This Latin America delicacy lends itself perfectly to game meat. This traditional meat pastry is a great way to diversify your use of the meat you have hunted. You can make your own pastry shells from scratch, but the pre-made frozen ones worked really well. This is a base recipe and can be modified to enhance the flavor profile. We had a really tasty result with some added pineapple, jalapenos, cilantro, and Cotillo cheese. You could also serve them with a chimichurri sauce or some salsa. We used a Ranch dressing spiked with Sriracha Chili sauce that was phenomenal. You can substitute the Elk with any kind of venison, or even ground waterfowl. The sky is the limit on these meat pies!
- 1 pound ground Elk meat
- Kosher salt and fresh ground black pepper
- Bacon grease or olive oil for browning meat
- 2 ounces diced Spanish chorizo sausage
- 1 cup diced brown onion
- ½ pound diced Yukon gold potatoes
- 5 cloves finely chopped garlic
- ¼ teaspoon dried thyme
- ¼ teaspoon dried oregano
- 1 ½ tablespoon tomato paste
- 1 tablespoon paprika
- 1 teaspoon cayenne pepper
- 1 cup beef stock
- ½ cup diced green onions
- ¼ cup pitted Spanish olives, chopped
- 2 packages of empanada wrappers (12 count)
- ¼ stick melted butter
Season the Elk meat well with salt and pepper. This recipe is all about big robust flavors, so go heavy handed on this one. Melt three tablespoons of bacon grease in a large skillet over medium-high heat. You can use olive oil, but the bacon grease adds a lot more character. Add the ground elk and cook about 5 minutes, stirring it to break up the meat into small pieces. Cook until meat is browned.

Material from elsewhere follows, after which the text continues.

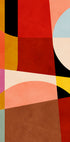 Ein lebhafter Blumenstrauß in einer verspielt gestreiften Vase vor dunklem Hintergrund, mit Mohnblumen und zarten Blumen. Dieses Kunstwerk zeigt moderne Blumenmuster mit satten Farbkontrasten, perfekt als Inspiration für moderne Wohndekorationen.
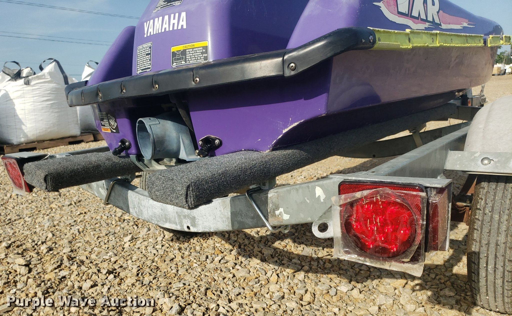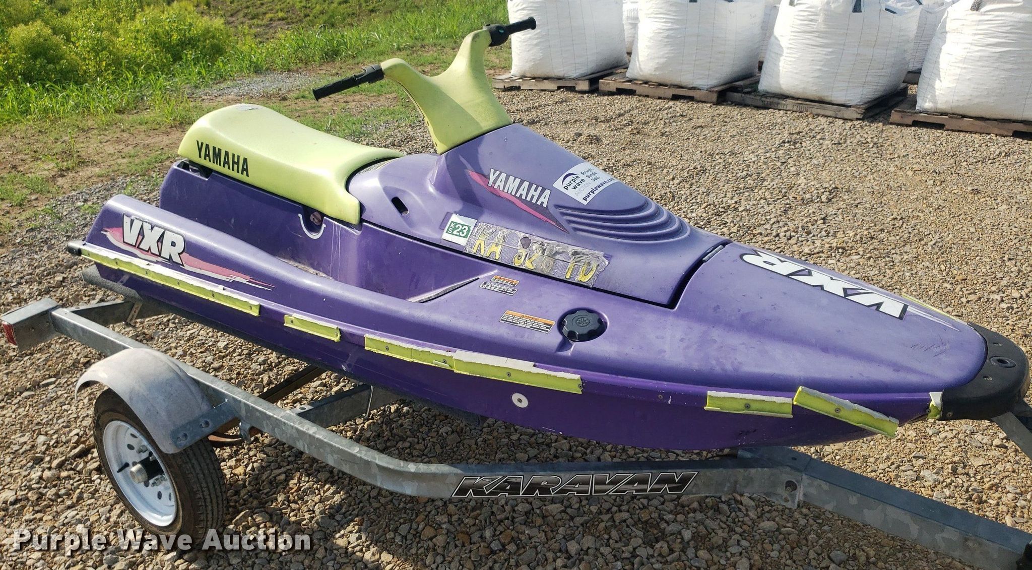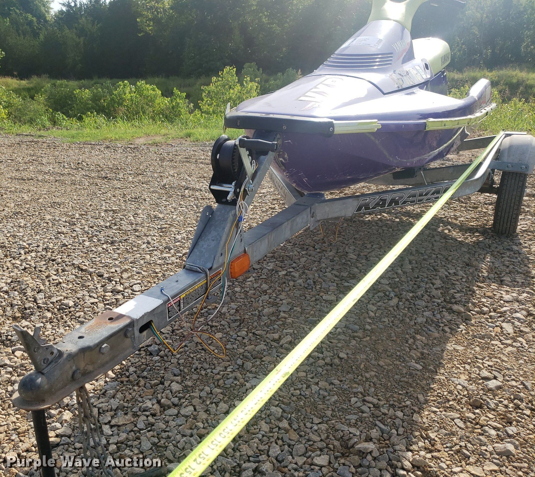 Yamaha VXR personal watercraft. Hours: Unknown, Hull ID: YAMA1060K394. Engine Engine type: Inboard, Displacement: 650, Cylinders: 2, Fuel type: Gas. Operators station Capacity Person: 2. Trailer Karavan, Overall length: 12', Overall width: 56", Ball hitch size: 2", Axles: Single, Tire size: 4.80R12. Notes Non-operational unit. Transfer of ownership documentation will be a bill of sale. 15550 E Kellogg St. Wichita, KS 67230

Reduce the heat to medium, and add the diced chorizo and onions. Sauté for about 10 minutes, stirring often until the onion is soft and translucent. Next in is the potato, garlic, thyme, and oregano. Mix well with a spatula to incorporate and cook for a couple more minutes. Salt and pepper to taste. Stir in the tomato paste, paprika, cayenne, and beef stock. Adjust the heat to simmer and cook an additional 10 minutes. Stir in the green onions and olives, remove from heat and cool to room temperature.
The empanada wrappers can be found in the freezer section of most Mexican markets or ethnic food stores. Get the 5 inch diameter ones with sheets of plastic between each pastry shell if available. Make sure they are completely thawed out. Lay each wrapper on a parchment covered baking sheet. Moisten the outer edge of the shell with water. Add about 2 tablespoons of meat filling to the center. Fold the dough in half, completely enclosing the filling. Fill them as full as you can, I found a small ice cream scooper to be perfect. Press the edges together to seal, and then crimp them decoratively with your fingers or the tines of a fork. You will fill two baking sheets by the time you are finished.
Pre-heat the oven to 375 degrees F. Brush the tops of the empanadas with melted butter and bake in the oven for 15-20 minutes or until golden brown. Let them cool a bit and serve warm.
Wine and beer go hand in hand with empanadas. Try a traditional Malbec or an aged Cabernet Sauvignon on the wine side as accompaniment. A frosty American Amber or Red Ale will be quite tasty with this Argentinian classic dish. Cheers!